I use a set of Python sets to store unique objects. Each object has __hash__ and __eq__ overridden.
The set contains about 200,000 objects. The kit itself takes up about 4 GB of memory. It works fine on a machine with a capacity of more than 5 GB, but now I need to run the script on a machine that has only 3 GB of RAM.
I rewrote the script in C # - I actually read the same data from the same source, put it in the CLR analogue of set (HashSet), and instead of 4 GB it took about 350 MB, and the script execution speed was relatively the same (about 40 seconds). But I have to use Python.
Q1: Does Python have any kind of βhard driveβ or any other workaround? I assume that it can only store the "key" data used in hash / eq methods, and everything else can be stored on disk. Or maybe in Python there are other workarounds to have a unique collection of objects that can have more memory than is available on the system.
Q2: less practical question: why does a python suite take up much more memory for a suite?
I use standard Python 2.7.3 on 64-bit Ubuntu 12.10
Thanks.
Update1: What the script does:
Read a lot of semi-structured JSON documents (each JSON consists of a serialized object with a collection of related objects)
Analyze each JSON document to extract the main object and objects from aggregated collections from it. Each analyzed object is stored in a set. The set is used to store unique objects. Firstly, I used the database, but the unique limitation in the database is slower on the x100-x1000. Each JSON document is parsed into 1-8 different types of objects. Each type of object is stored in its own set to store only unique objects in memory.
All data stored in sets is stored in a relational database with unique restrictions. Each set is stored in a separate database table.

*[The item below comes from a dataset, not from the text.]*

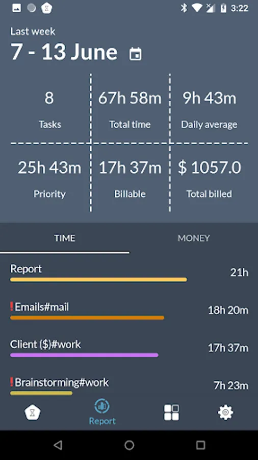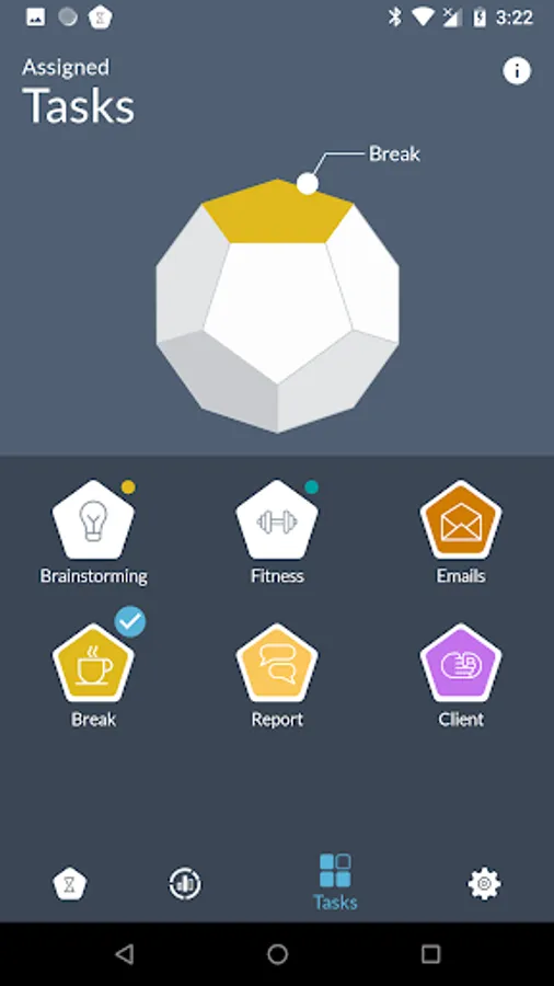 At the start, user marks TIMEFLIP2 sides with the tasks or activities he/she wants to track and assigns them once in the mobile app. Whenever one wants to start tracking a task or activity, he/she simply places TIMEFLIP2 with the corresponding side facing up and the device automatically starts clocking time for it. Thus, all user time stats is logged and visualized in the app or web service and can be exported in xls or csv format.

The whole idea of ββa script is to accept unstructured data, remove duplicates from aggregate collections of objects in a JSON document, and store structured data in a relational database.
Update 2:
2 delnan: I commented out all lines of code with addition to other sets, keeping all other employees (receiving data, parsing, iteration) the same - the script took up less than 4 GB of memory.
This means that when these 200K objects are added to the sets, they begin to take up so much memory. The object is simple movie data from TMDB-ID, a list of genres, a list of actors, directors, many other details of the film and, possibly, a great description of the film from Wikipedia.